Would rivers and their ecosystems face death if the leaders of industry were unable to pay boksheesh to deflect attention away from their dumping of toxic effluent? Would the traffic be so bad if the government had a proper program to control its flows? Could today’s eyesore blights instead be blessings in the presence of effective management systems?
Other pictures tell a happier story of global influences: out of these, I liked best Ketan’s own portrait of a “Global Family.” It shows an American Caucasian MIT graduate student, his Bangladeshi wife, and their child in a picture of harmony and happiness. In “Law of Similars” by Md. Huzzatul Mursalin, a Bangladeshi village doctor is seen using Western diagnostic software to help treat a patient. A pile of books by Asian authors written in English (“Human Stories” by Samia Mohamed) demonstrates how the global adoption of the English language has globalized the audience for Asian literature. And a picture of a Brazilian flag, one of many to be found in Dhaka during the 2010 football World Cup, shows the ability to track, support, and celebrate far-flung teams through the instant medium of TV, to be found in even the poorest of Dhaka’s slums, at least outside the hours of load shedding.
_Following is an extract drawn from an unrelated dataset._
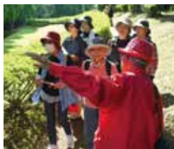
▲ふるさとガイドの会の案内で山中城跡の歴史を学びました
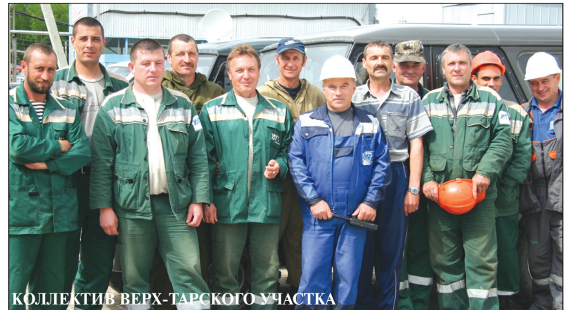
КОЛЛЕКТИВ ВЕРХ-ТАРСКОГО УЧАСТКА

The photography is terrific; the show thought-provoking. And the concept — displaying the same material in both Bangladesh and the USA — is itself a mark of globalization. Ketan includes a picture of Hilsha fish served at a Bangladeshi student party at MIT. He also allows himself the indulgence of a self-portrait: a desolate nighttime scene shot with a self-timer showing Ketan alone contemplating the Charles River and Boston skyline. We are left wondering about the thoughts in his mind as he looks out at the coolly illuminated New World. While he is now part of this, the love of his country that comes through from his photography and the exhibition he has organized show that he is always a Bangladeshi.